◆ Data to examine
* * *
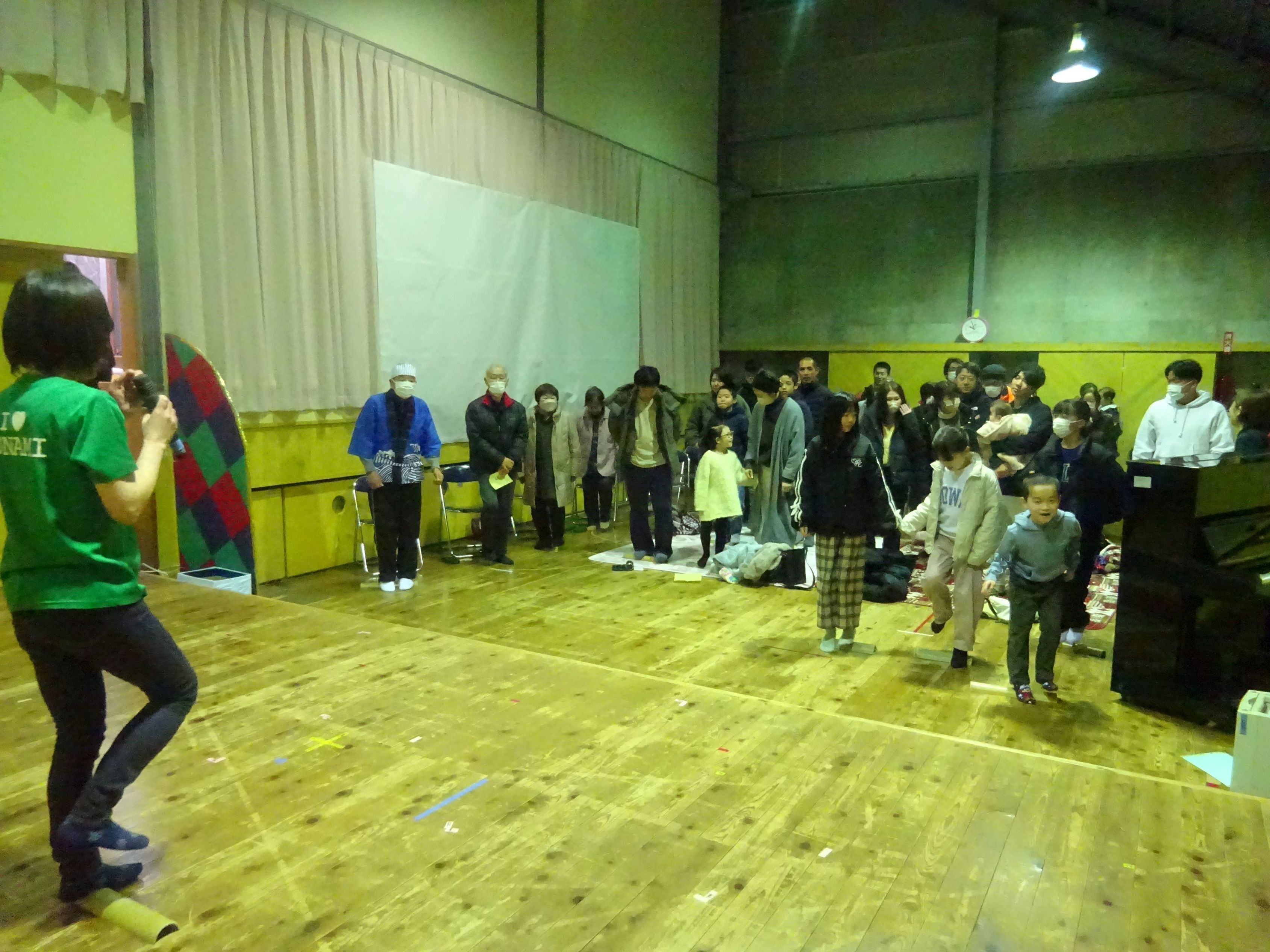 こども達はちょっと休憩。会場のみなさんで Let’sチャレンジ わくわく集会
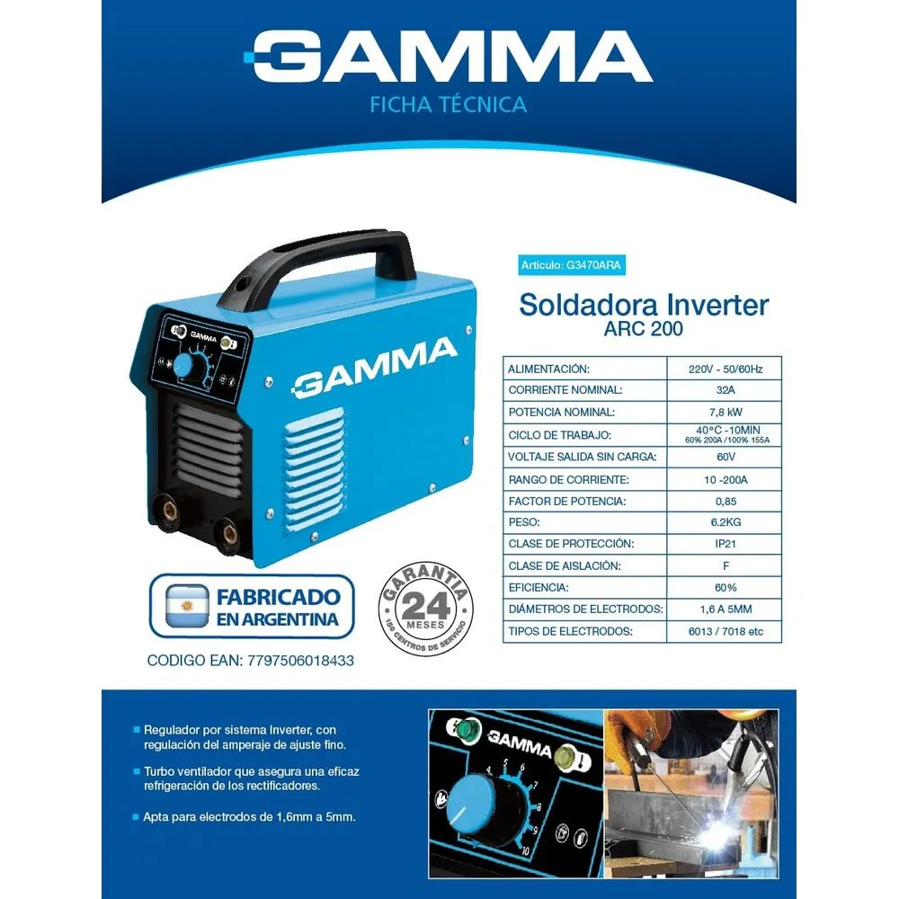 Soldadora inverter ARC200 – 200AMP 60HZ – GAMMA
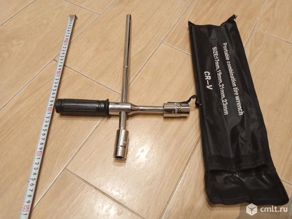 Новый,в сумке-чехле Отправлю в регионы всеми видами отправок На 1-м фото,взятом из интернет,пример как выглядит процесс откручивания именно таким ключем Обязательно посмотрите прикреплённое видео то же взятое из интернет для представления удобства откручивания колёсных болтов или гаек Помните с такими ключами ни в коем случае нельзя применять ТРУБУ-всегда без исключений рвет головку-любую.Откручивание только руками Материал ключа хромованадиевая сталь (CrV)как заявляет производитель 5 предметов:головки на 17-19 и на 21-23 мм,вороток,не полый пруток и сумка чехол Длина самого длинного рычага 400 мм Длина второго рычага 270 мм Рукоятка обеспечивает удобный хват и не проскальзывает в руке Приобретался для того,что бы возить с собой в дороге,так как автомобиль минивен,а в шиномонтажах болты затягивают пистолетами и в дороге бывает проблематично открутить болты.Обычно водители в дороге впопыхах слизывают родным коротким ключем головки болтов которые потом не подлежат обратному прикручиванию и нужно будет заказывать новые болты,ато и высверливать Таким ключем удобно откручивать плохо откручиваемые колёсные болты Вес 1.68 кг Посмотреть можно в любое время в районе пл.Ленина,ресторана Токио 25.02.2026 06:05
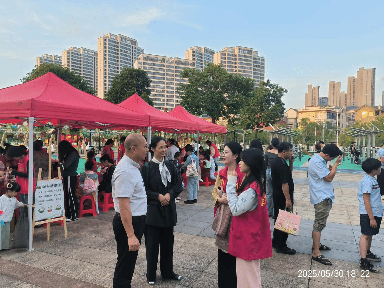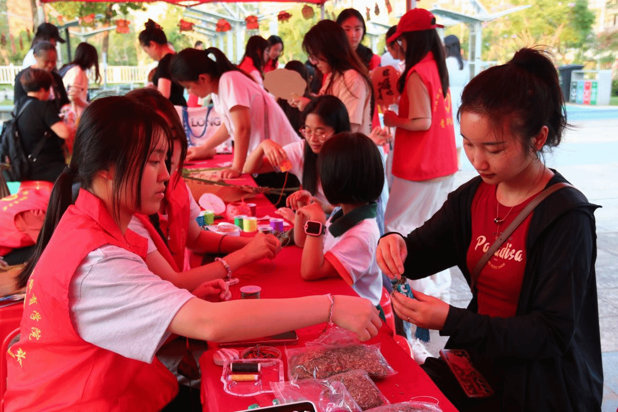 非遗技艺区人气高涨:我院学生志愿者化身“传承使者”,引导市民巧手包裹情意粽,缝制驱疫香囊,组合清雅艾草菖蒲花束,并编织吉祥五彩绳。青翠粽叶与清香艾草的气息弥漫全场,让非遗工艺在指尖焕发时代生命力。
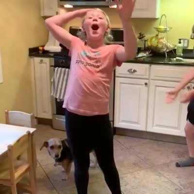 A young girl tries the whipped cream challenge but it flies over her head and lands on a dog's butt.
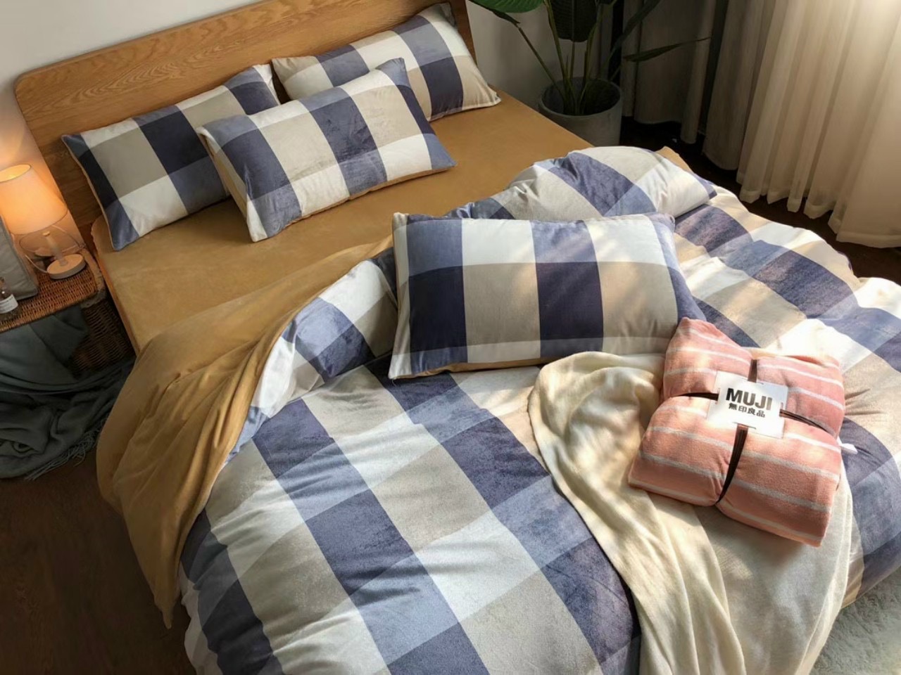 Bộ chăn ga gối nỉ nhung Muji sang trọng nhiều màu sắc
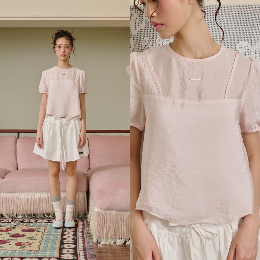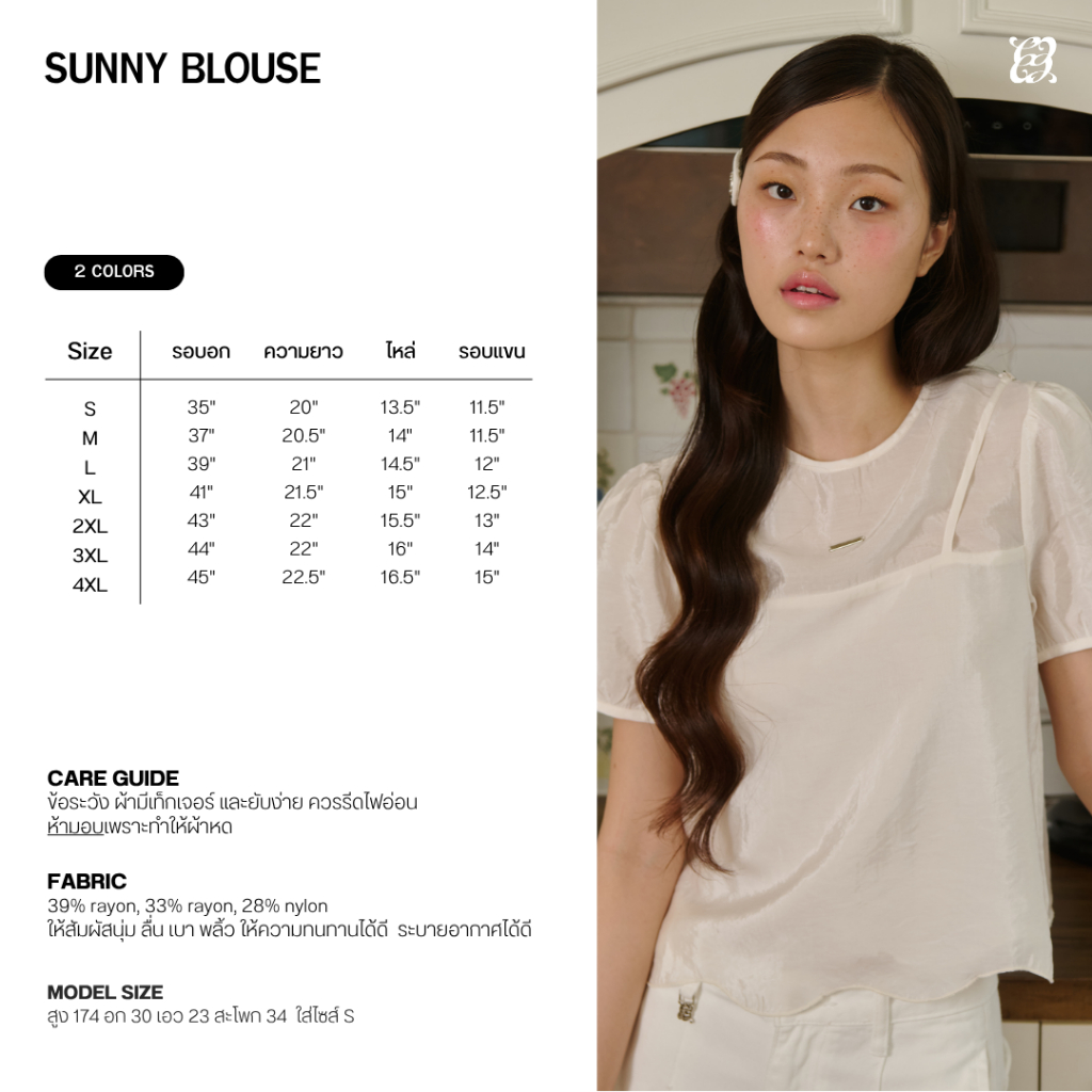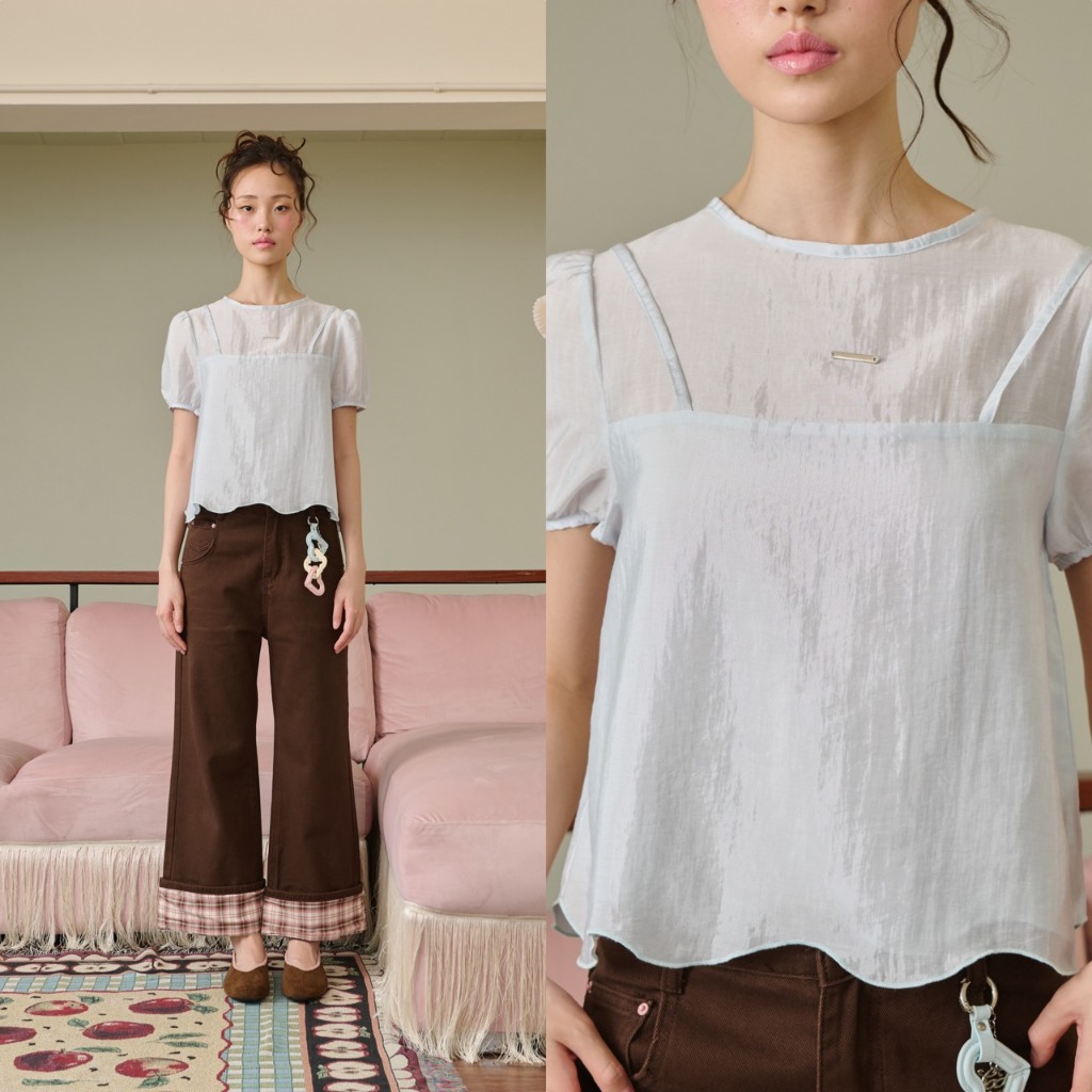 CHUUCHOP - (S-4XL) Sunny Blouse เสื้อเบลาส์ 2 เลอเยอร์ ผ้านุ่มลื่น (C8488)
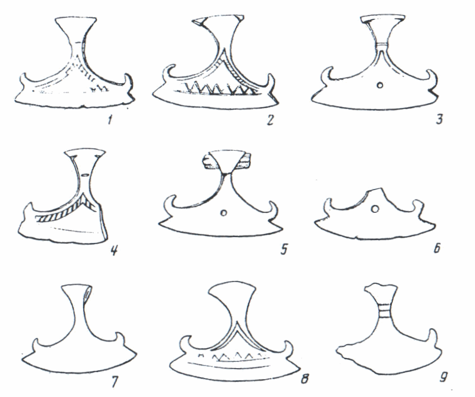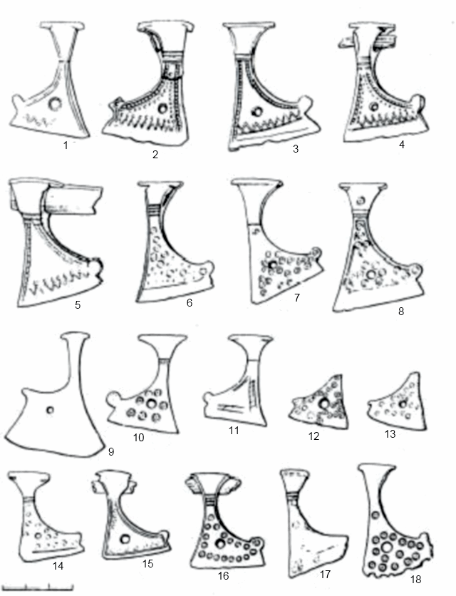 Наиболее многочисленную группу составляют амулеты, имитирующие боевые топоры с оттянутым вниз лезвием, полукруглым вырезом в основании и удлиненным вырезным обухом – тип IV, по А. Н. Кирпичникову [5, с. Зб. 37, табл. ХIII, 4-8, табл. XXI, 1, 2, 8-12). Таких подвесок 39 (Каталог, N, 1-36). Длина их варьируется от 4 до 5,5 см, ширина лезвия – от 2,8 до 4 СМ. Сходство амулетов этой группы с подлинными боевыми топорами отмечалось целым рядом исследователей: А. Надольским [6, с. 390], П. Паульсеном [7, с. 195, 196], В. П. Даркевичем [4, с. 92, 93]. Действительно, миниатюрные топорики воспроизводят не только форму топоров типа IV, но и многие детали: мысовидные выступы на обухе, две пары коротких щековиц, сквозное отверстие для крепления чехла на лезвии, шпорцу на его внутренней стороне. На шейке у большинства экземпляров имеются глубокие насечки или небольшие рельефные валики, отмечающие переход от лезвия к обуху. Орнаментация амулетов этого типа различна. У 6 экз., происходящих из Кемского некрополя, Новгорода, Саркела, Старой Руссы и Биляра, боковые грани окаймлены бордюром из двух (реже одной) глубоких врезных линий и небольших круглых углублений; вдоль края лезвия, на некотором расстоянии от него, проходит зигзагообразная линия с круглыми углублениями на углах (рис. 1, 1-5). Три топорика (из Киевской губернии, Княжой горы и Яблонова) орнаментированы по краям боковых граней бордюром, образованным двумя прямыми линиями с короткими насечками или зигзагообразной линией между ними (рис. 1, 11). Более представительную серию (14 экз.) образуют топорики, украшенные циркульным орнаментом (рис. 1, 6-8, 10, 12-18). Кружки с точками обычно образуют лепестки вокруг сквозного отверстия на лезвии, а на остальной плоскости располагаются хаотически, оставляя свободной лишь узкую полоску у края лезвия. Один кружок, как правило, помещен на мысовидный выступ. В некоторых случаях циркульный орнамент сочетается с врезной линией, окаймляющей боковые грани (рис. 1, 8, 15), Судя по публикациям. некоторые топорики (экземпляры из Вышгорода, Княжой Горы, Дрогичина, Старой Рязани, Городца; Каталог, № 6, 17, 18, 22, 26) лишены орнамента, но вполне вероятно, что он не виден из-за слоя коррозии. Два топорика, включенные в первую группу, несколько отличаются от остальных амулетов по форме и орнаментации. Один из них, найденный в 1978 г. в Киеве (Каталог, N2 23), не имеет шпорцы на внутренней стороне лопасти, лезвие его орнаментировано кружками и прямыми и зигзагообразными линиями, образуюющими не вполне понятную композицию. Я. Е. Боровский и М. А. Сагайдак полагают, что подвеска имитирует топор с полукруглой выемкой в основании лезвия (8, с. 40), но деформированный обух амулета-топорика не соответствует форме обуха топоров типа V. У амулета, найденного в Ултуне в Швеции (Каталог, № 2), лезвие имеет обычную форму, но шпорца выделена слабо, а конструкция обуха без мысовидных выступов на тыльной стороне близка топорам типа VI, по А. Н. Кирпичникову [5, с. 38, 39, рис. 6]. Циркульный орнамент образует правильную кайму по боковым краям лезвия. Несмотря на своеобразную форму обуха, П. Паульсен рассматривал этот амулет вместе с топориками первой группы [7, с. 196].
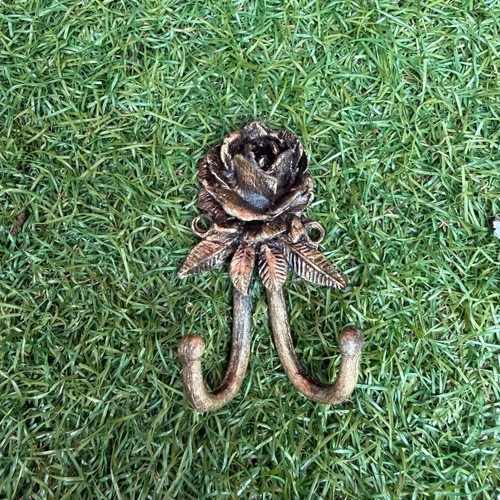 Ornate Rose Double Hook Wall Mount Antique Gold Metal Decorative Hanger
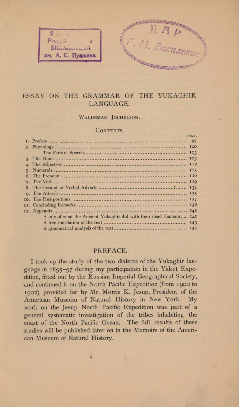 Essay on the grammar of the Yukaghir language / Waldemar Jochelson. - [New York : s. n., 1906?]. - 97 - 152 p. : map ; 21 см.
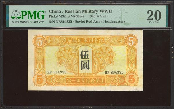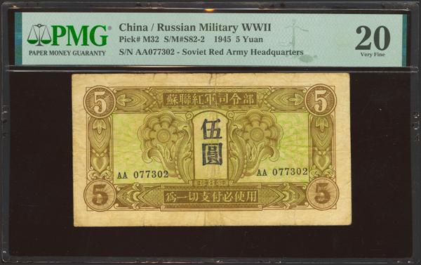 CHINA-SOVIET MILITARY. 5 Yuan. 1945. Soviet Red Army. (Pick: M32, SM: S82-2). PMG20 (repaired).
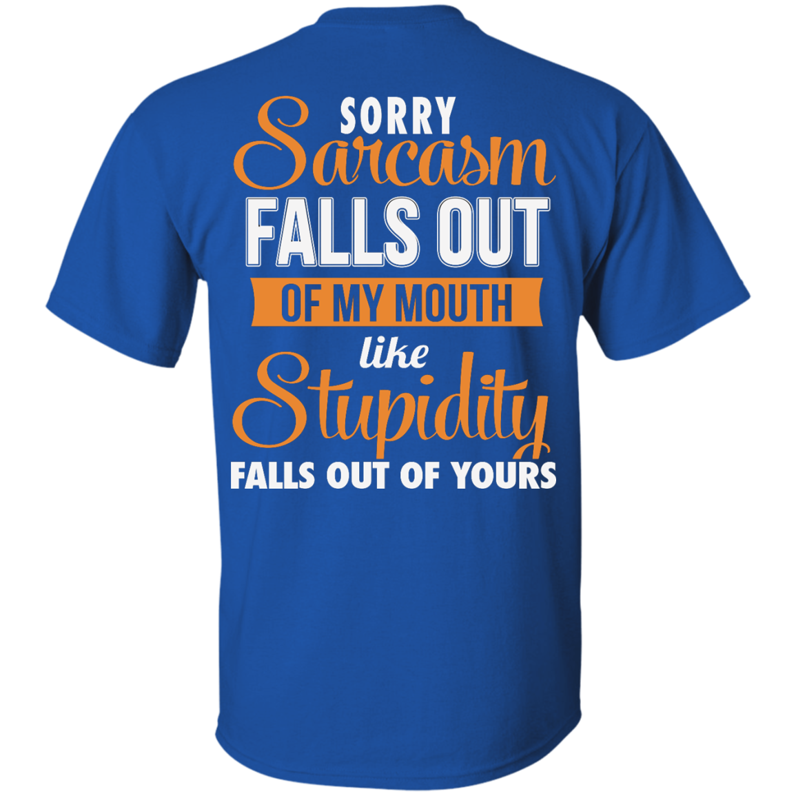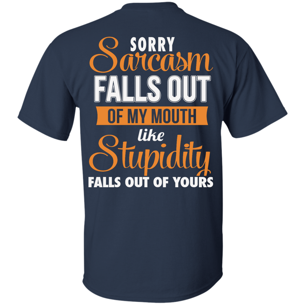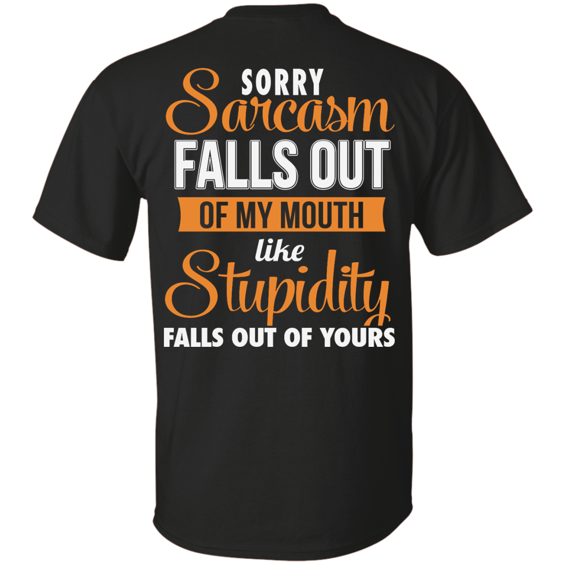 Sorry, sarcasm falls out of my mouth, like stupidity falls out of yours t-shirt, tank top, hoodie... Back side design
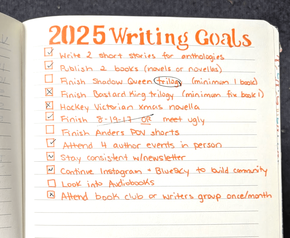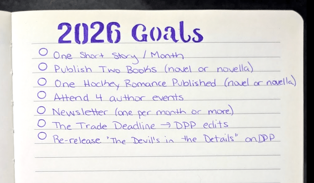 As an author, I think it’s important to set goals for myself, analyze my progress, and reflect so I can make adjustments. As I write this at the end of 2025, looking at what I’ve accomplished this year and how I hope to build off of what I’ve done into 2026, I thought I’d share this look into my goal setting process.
* * *
◆ Problem description
Although the records above contain pictures, the copy must not; set down exactly the lines from the one with "A young girl" up to and including the one with "CHUUCHOP - (S-4XL)".

◆ Answer for the task
 A young girl tries the whipped cream challenge but it flies over her head and lands on a dog's butt.
 Bộ chăn ga gối nỉ nhung Muji sang trọng nhiều màu sắc
 CHUUCHOP - (S-4XL) Sunny Blouse เสื้อเบลาส์ 2 เลอเยอร์ ผ้านุ่มลื่น (C8488)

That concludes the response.